RICK HALE takes us to Appuldurcombe House a very haunted building on the Isle of Wight
Wroxhall, Isle of Wight
The Isle of Wight has long been believed to be inhabited by the spirits of its ancient past.
With such a reputation, it’s difficult to pick just one location to label the most haunted on this island of the dead.
Nevertheless, there is one building situated deep in the woods near Wroxhall that meets the criteria.
Appuldurcombe House, an abandoned manor house that holds many secrets. And many ghosts.
History Of Appuldurcombe House
Appuldurcombe House began its history long ago in the 11th century.
It’s believed it was the home of England’s first Norman King, William the Conqueror.
Following the death of William, the house served as the abbey for the nuns of the Poor Clares, a religious order that occupied the house for 400 years.
The breathtaking Baroque house we see today was created by, Sir Robert Worsley in the 18th century.

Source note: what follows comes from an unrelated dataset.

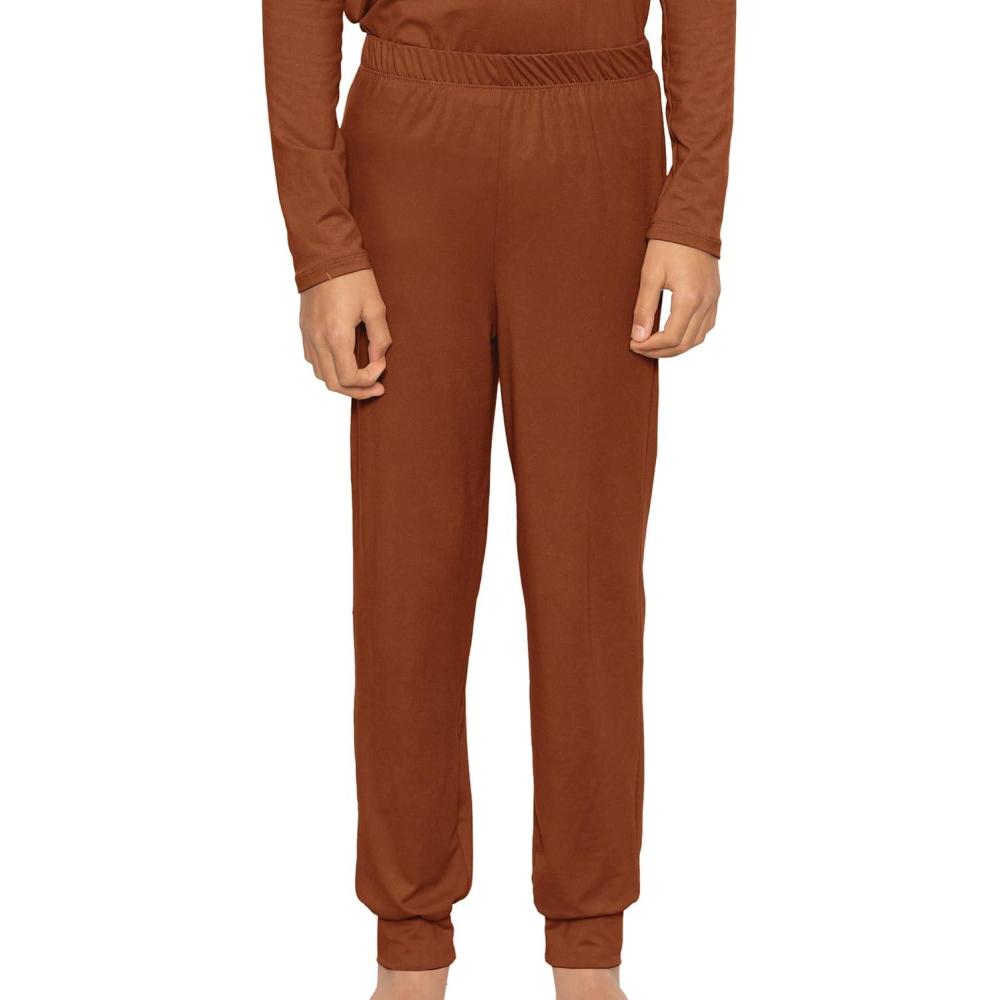 STRETCH IS COMFORT Youth Boys Cuffed Lounge Pants | Soft Knit Joggers | Pull-On Soft Bottoms | Relaxed Everyday Fit | 4–16(Brown)
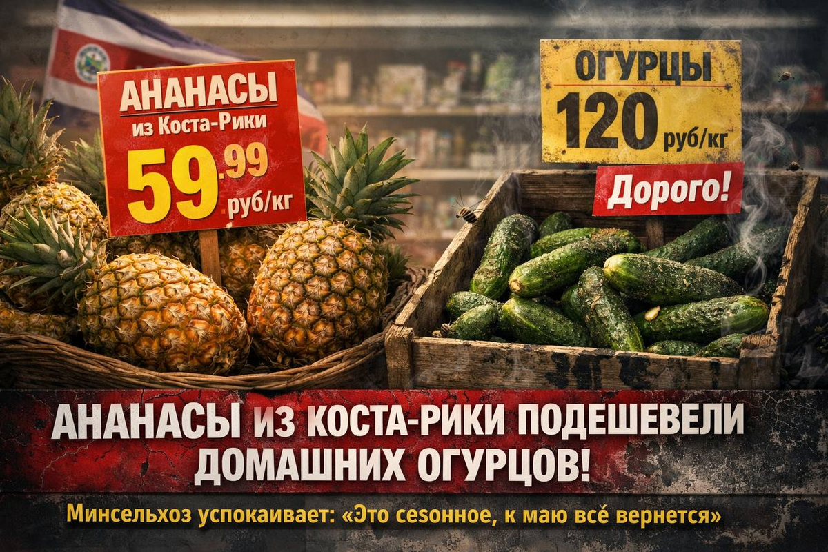 ЭКОНОМИЧЕСКОЕ ЧУДО ПО-РУССКИ: Ананасы из Коста-Рики стали дешевле родных огурцов. Минсельхоз успокаивает: «Это сезонное, к маю всё вернется»

Sir Robert was inspired by the buildings and gardens he saw while on his travels across the European continent.
He wanted to bring that architecture back to England and chose the Isle of Wight to build his dream.
Ever the admirer of fine works of art, Worsley designed the rooms to let in as much light so he, and his friends, could admire the art he brought back from Europe.
Worsley’s time at Appuldurcombe House was a golden age of sorts.
Sadly, the horrors of World War II severely damaged the house when a bomb exploded near the house.
In 1969, a preservation group attempted to restore the house to its former glory. Unfortunately, the damage was to extensive and the project had to abandoned.
Today, the house is owned by The English Heritage and has gained a reputation for being haunted by the ghosts of its past.
The Hauntings Of Appuldurcombe House
The isolation of Appuldurcombe House makes it the ideal setting for a haunting.
Anyone who has ever visited this stately old manor has come away with stories that can only be described as hair-raising.
Especially at night when the cold wind whips through the house. And the spirits walk.
The Phantom Carriage
A few visitors who have stayed past the setting sun have been treated to a spectral sight.
A phantom carriage drawn by invisible horses has been witnessed swiftly racing toward the house.
As the carriage approaches the house a curious thing occurs. The carriage fades away, and the witness is left in an eerie, unnatural silence.
The Laughing Boy
People who have stood near the Freemantle gate have the unmistakable sound of a child laughing.
Although, he is only heard but not seen, visiting psychics agree he was a five year old boy in life.
No one knows who he was, but he appears to find visitors very funny.
The Wailing Baby
Upon entering the house and wandering its corridors visitors are met by an unnerving sound.
The sound of a wailing child is carried on the wind that blows through the house.
Sceptics will argue that the sound is an animal. However, those who have heard it, insist it’s the plaintive wails of a baby.
The Phantom Monks
Visitors to the house have seen a group of ghostly monks standing near the front entrance.
They watch as the monks file through the front door and vanish.
The Thing In The Cellar
If you are brave enough to venture into the inky black recesses of the cellar, you may just might find yourself confronted by an evil force.
Visitors have reported the overwhelming sense of being watched by something hiding in the shadows.
A cold wind is said to blow through the basement as black shadows manifest and seemingly gather around the courageous visitor.
Many people have been escorted out of the cellar in a near state of panic.
Whoever, or whatever, inhabits the cellar clearly doesn’t want visitors in its domain.
Why visit Appuldurcombe House?
The Isle of Wight’s, Appuldurcombe House is open for daily tours.
And the council will occasionally allow ghost hunters in to investigate the building.
Their hope, evidence will be provided to back up their assertion that this ancient manor is truly haunted by the spirits of old.